When you're using 32 bit XP without the /3GB switch turned on you are basically using TG2 in the most resource constrained situation you can run it in. You only have 2 GB of memory available to the application. Unfortunately by the time you've added a few populations and cranked the settings up it's not hard to blow through the 2 GB limit. It is a bit of a balancing act to get certain scenes to render in that case.

Regards,

Jo

sjefen

Hi jo

Ok.... I give up. I will try reducing the AA and see what happens.
I'll post the result if it finish.

- Terje
ArtStation: https://www.artstation.com/royalt

AMD Ryzen Threadripper 1950X
128 GB RAM
GeForce RTX 3060 12GB

neuspadrin

Quote from: jo on March 21, 2009, 07:45:13 PM
When you're using 32 bit XP without the /3GB switch turned on you are basically using TG2 in the most resource constrained situation you can run it in.

Unless you are running with 512mb ram or something ;) :P That's a little resource constrained ;)

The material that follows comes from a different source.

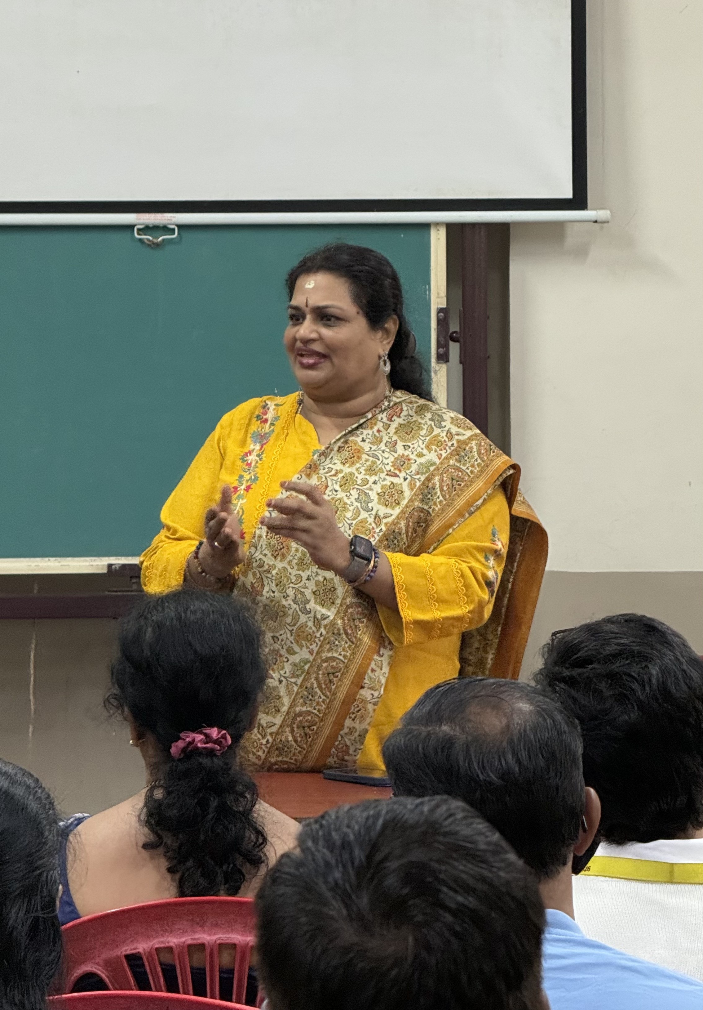 Dr. Viji Kannan addressing parents & students for the Result Distribution

But yeh, some of the qualities you can set don't matter too much after certain values, except addition to render times.  Generally AA stops becoming as useful around ~8, detail at .9 and 1 are very close, etc etc.  Sometimes a few compromises are needed.

sjefen

Just wanted to say that when I reduced the subdiv cache from 400 to 200 and turned Preallocate subdiv cache on, the render has made it a little bit longer :)
It seams a little slower, but maybe it will finish this time.

- Terje
ArtStation: https://www.artstation.com/royalt

AMD Ryzen Threadripper 1950X
128 GB RAM
GeForce RTX 3060 12GB

Oshyan

Another thing to consider is that use of different AA filters can have a much more dramatic effect on the final scene quality in terms of edge sharpness and blending than the difference between for example AA of 8 and 15. It is a somewhat different effect depending on the AA filter, of course, but I find use of the right AA filter to be more critical for the best resulting scene quality than really high levels of AA. There are exceptions, like vegetation-heavy scenes with lots of fine, sharp objects (grasses or conifers), but for the most part that holds true.